Picture this. You’re at the bank with your wife, waiting eagerly your turn to apply for a mortgage. You and your wife worked hard for months to rack up a good credit score, and it was all for this day. You’re in the midst of a conversation about the type of flooring the bathroom would have, when suddenly, the door explodes open! A couple of masked men start lighting up the place and yell for control. One of them grabs the nearest person as a hostage, which, unfortunately for you, is your beloved wife. Womp womp.
It eventually becomes apparent that they’re after the contents in the bank’s vault. You’re pleading for your wife’s release but to no avail. They don’t even bother to subdue you; you’re that non-threatening to them. They find the vault, and there’s a sticky note with the heading “Password” next to the keypad. Just one problem, the note is in 1’s and 0’s and the keypad has digits from 0-9. One of the robbers barks, “You! Nerd with the glasses! What’s the code?!?”. You stammer softly that you have no clue. The robber screams, “Solve it or she dies!”, cocking his pistol and pointing it to your wife’s head. You’re aghast. Bewildered even. You watch your wife’s eyes well up. “I’m sorry”, you say, your head down in shame. Your wife suddenly lashes out, “I knew I should have dated that MIT professor guy; he could’ve saved me today!”. You fall to your knees as tears drip from your face. He was a psychology professor, but that was irrelevant now. Only if you’d known how to translate all those 1’s and 0’s... Only if you had a chance to turn back time and prepare for this predicament...

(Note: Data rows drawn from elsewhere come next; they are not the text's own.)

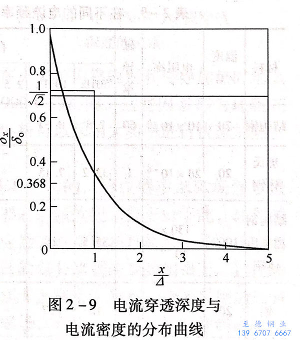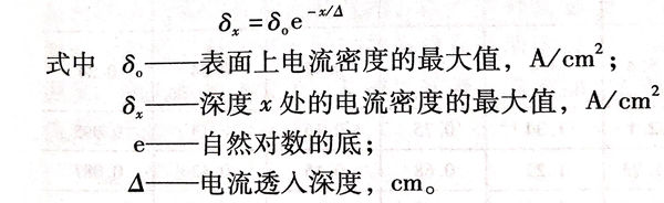 由集肤效应可以看出,采用交变电流时,电流只流过导体的表面层。电流频率越高,电流通过的表面层越薄。为了简化整个感应加热的计算,引入电流穿透深度的概念,即导体某一深度处的电流密度为其表面电流密度的 1/e = 1/2.718 = 0.368 时,这一深度 △ 即为电流穿透深度(图 2-9),可用下式确定: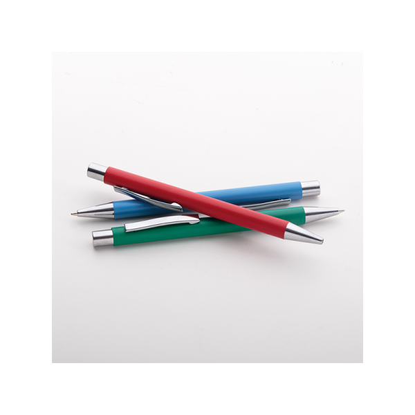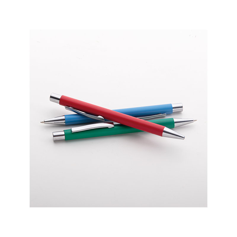 Penna in metallo, refill nero, fusto in metallo satinato, rifinitura opaca, minuterie in metallo cromato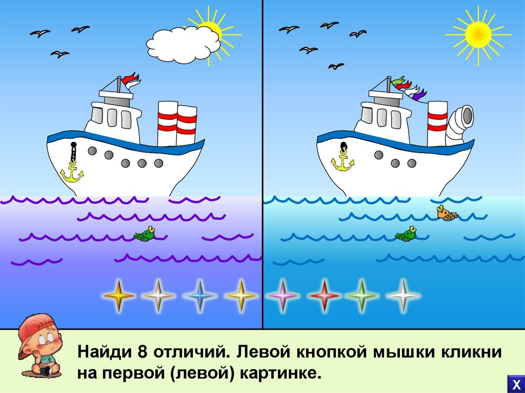 Найди 8 отличий. Левой кнопкой мышки кликнина первой (левой) картинке.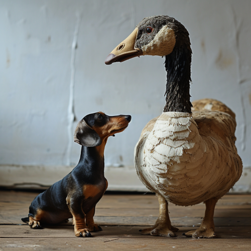 A small dachshund dog, just 50 cm, attacked a stuffed goose, 160 cm tall. --v 6.0 --ar 1:1

Well, that is what I’m here for today. By the end of this article, you’ll know how to confidently navigate around those 1’s and 0’s – which are called binary numbers. You will also walk away with other useful knowledge, such as a useful binary finger technique.
What are binary numbers?
Binary numbers are simply another way of representing numbers. Just like the numbers that you’re used to in your daily life, i.e, decimal or base 10 numbers that use 0-9, binary numbers follow similar principles. Therefore, you must first understand how base 10 numbers work.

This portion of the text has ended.